**Recorded information:**

◆ ◆ ◆ ◆

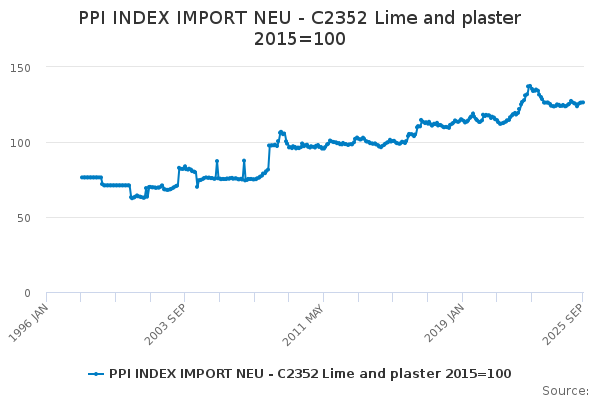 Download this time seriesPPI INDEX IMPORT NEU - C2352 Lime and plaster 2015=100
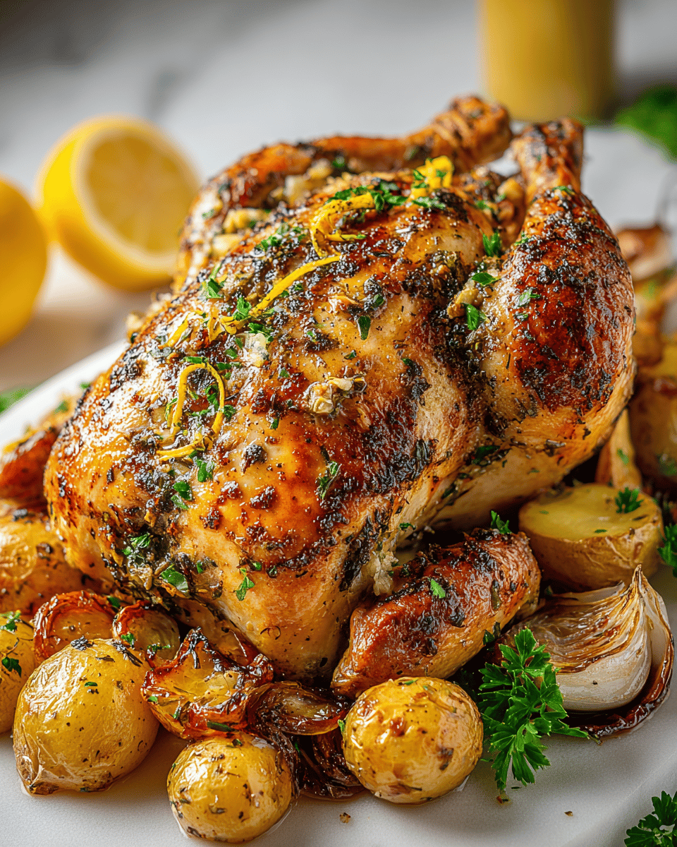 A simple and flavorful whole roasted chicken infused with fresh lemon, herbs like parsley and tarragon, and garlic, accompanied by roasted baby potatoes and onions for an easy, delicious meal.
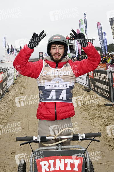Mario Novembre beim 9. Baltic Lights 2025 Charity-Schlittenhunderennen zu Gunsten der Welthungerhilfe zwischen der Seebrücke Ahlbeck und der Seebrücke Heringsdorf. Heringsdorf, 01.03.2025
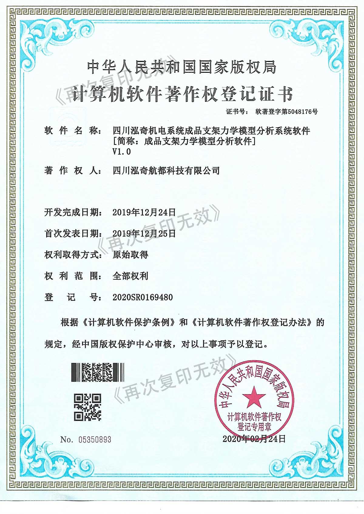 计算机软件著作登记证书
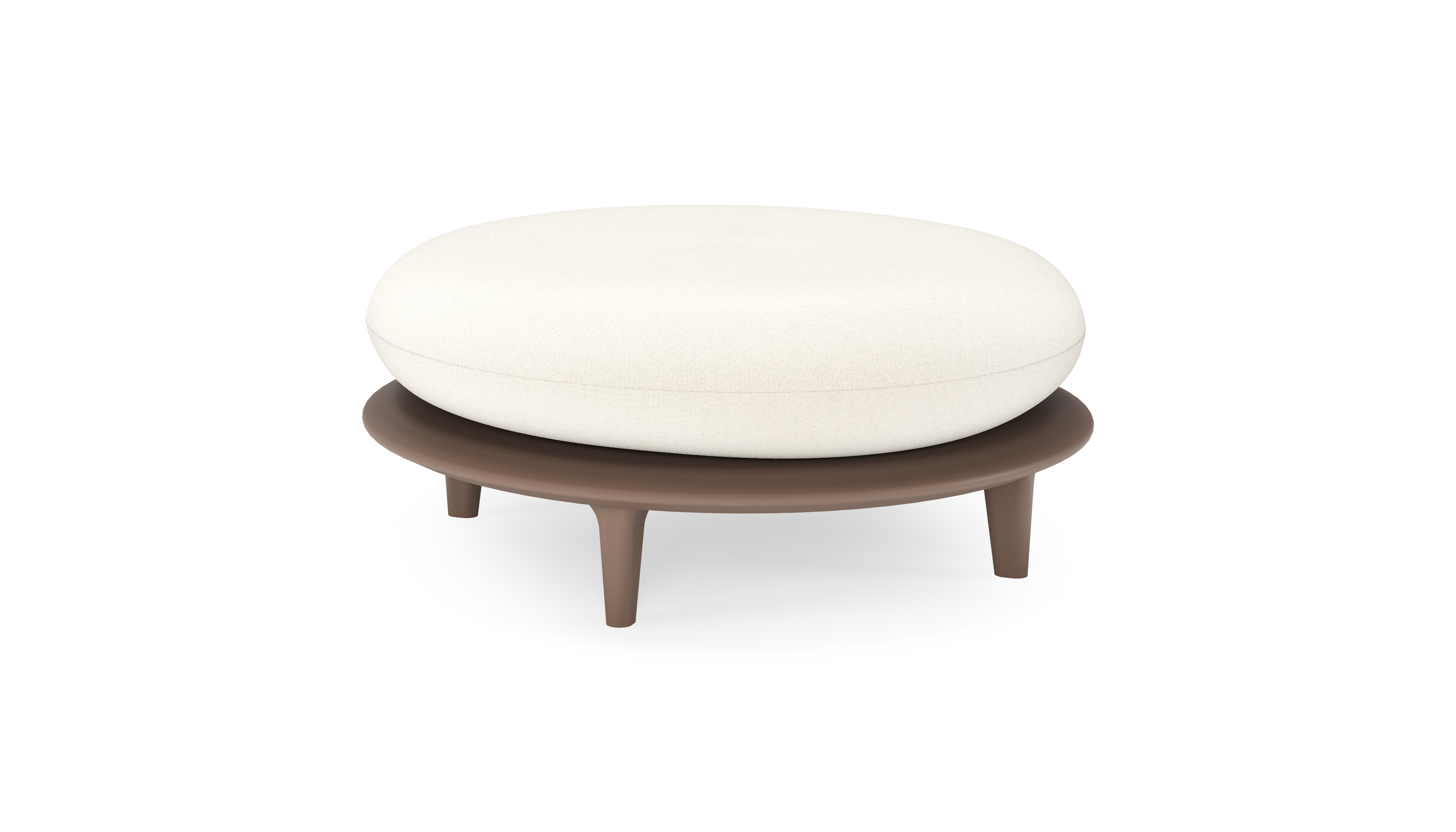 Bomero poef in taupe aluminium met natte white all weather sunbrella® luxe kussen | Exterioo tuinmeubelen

◆ ◆ ◆ ◆

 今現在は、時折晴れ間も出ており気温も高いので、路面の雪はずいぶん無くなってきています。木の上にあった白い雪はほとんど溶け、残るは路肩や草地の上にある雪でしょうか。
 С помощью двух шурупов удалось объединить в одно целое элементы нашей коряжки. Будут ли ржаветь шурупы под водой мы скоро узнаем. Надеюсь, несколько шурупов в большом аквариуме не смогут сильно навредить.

◆ ◆ ◆ ◆

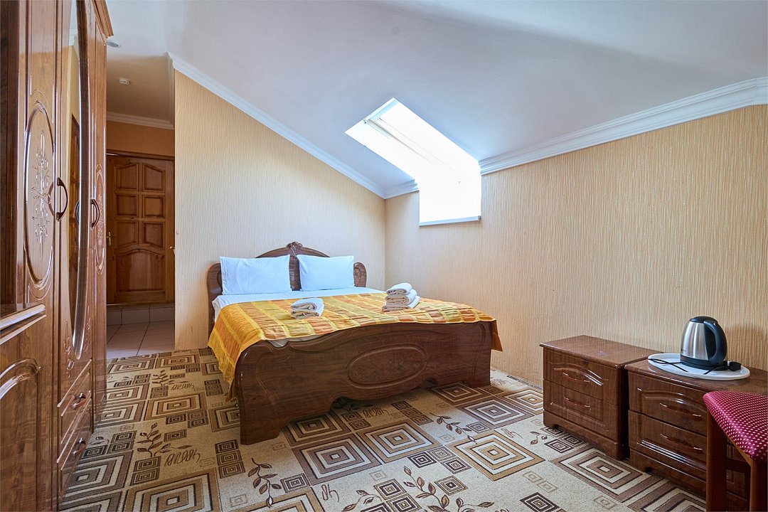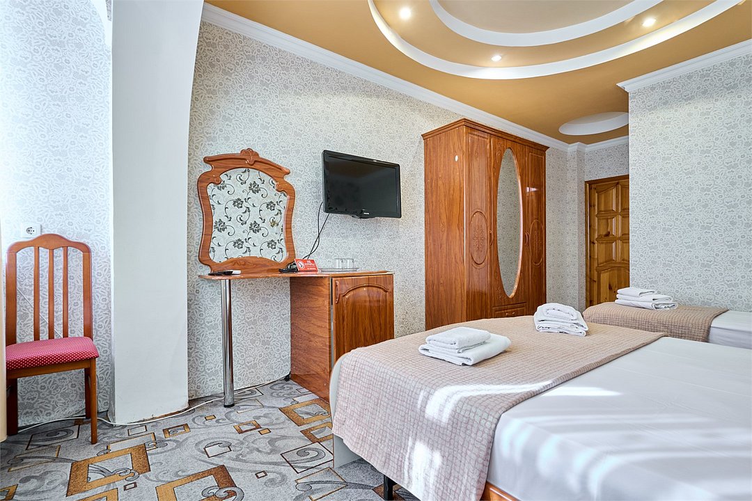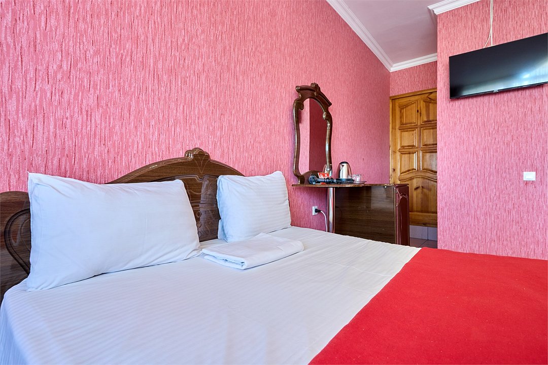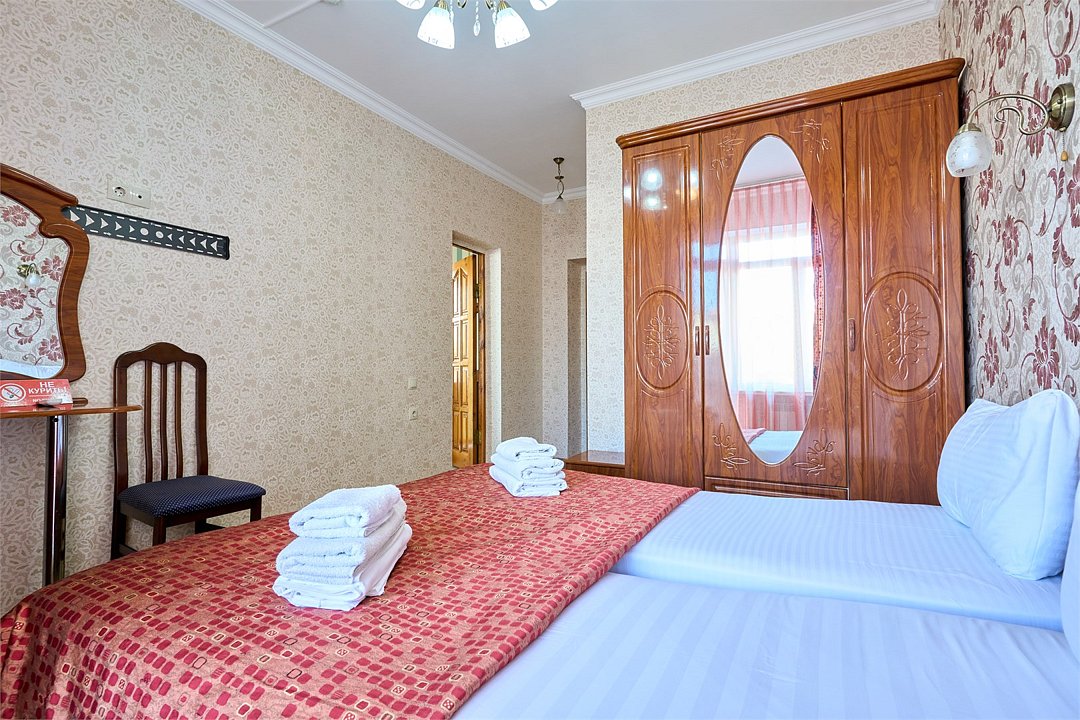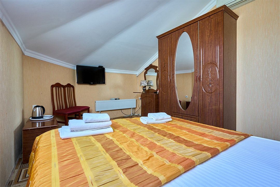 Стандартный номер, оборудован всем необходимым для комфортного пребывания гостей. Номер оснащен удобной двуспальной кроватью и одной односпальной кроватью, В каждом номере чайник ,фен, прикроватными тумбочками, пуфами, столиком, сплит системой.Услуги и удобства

◆ ◆ ◆ ◆

**Task directions:**
Reproduce the lines above starting at the one with "Download this time" and ending at the one with "Bomero poef in", both included, exactly and with no pictures.

**Exercise solution:**
 Download this time seriesPPI INDEX IMPORT NEU - C2352 Lime and plaster 2015=100
 A simple and flavorful whole roasted chicken infused with fresh lemon, herbs like parsley and tarragon, and garlic, accompanied by roasted baby potatoes and onions for an easy, delicious meal.
Mario Novembre beim 9. Baltic Lights 2025 Charity-Schlittenhunderennen zu Gunsten der Welthungerhilfe zwischen der Seebrücke Ahlbeck und der Seebrücke Heringsdorf. Heringsdorf, 01.03.2025
 计算机软件著作登记证书
 Bomero poef in taupe aluminium met natte white all weather sunbrella® luxe kussen | Exterioo tuinmeubelen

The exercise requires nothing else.